In Formula One cars, the spring and damper rates are very firm unlike in road going cars. In the event of an impact or hitting bumps, the impacts are defused as quickly as possible. During the impact, in order to avoid an oscillating force from building up, the shock absorbers are released and the spring absorbs the energy of the impact.

In 1990, a regulation was introduced banning any kind of electronic intervention on "active" suspension of all Formula One cars.

Track testing is used to find numerous improvements and fine tune minute details of the cars.

The manpower and logistics involved in a modern Formula One team's testing program is vast. Most big constructors have separate testing teams in addition to the actual racing team and test at FIA approved tracks mainly in Europe.

2007 brought about Grand Prix Fridays that also serve as a test day with teams permitted to run an extra test driver, though the number of cars per session is still limited to two.

Formula One's most exciting moment is considered to be at the start as it can significantly determine finishing position: a bad start can ruin the day's race whereas a good start can lead to a podium finish.

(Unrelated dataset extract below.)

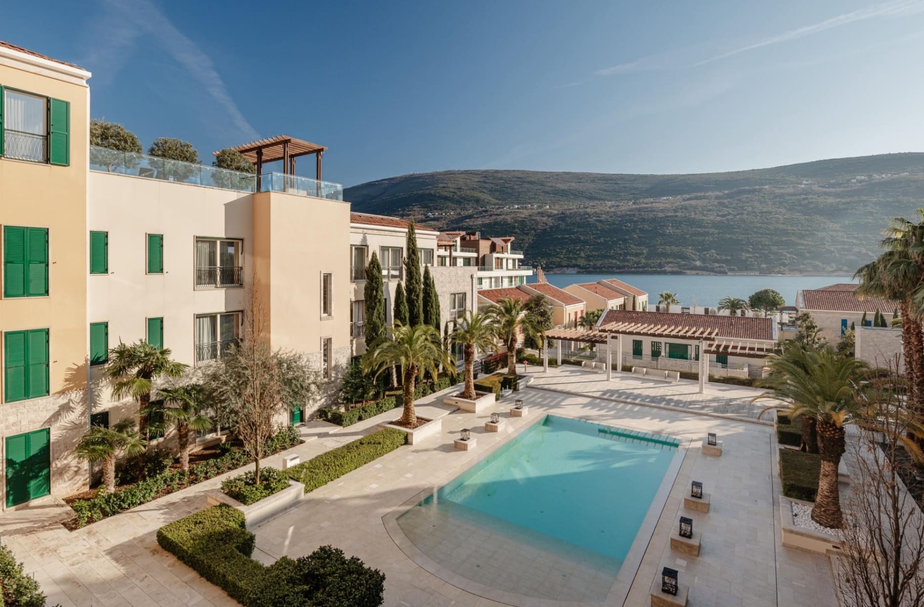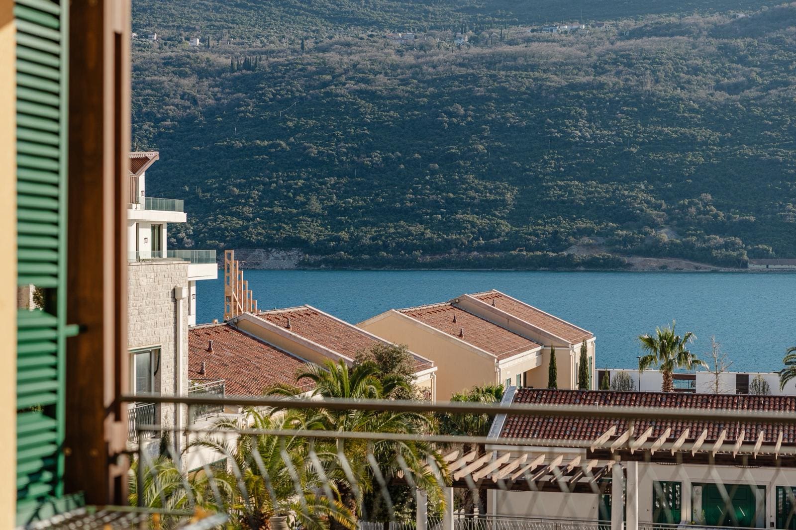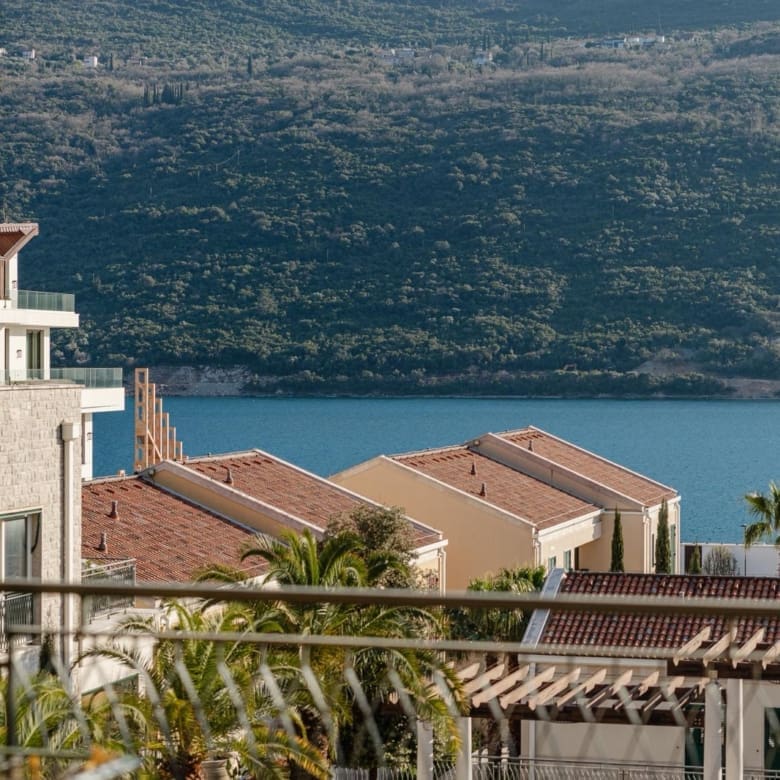 The Bay of Kotor (Boka Kotorska) is a naturally enclosed sea inlet — the only fjord in Southern Europe — and its western entrance at Kumbor is precisely where Portonovi sits. From the 3rd floor, the 29.4 m² terrace looks directly across that entrance: open water to the left, the Venetian-era fortifications on the Prevlaka peninsula ahead, the Orjen mountain ridge rising steeply behind the bay to the right. This is a view that frames centuries of maritime history. No rendered visualisation of Portonovi is necessary — the real thing is better.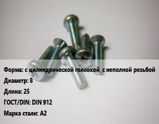Винт с цилиндрической головкой, с неполной резьбой 8х25 DIN 912 Сталь: А2

Before the start of the race proper, the drivers complete one lap of the track at relatively low speed – this is called the 'formation lap'. This is a challenging test for the driver in pole position as he has to tactfully control the pace of the formation lap to work some heat into his tyres, but also to make sure that he does not complete the lap too fast and be left sitting on the grid for a long time as other cars take their positions behind him.

The race controller initiates the start sequence once all the cars have halted on the grid and the medical cars and course cars are also in position. The race is underway when the final red light goes out.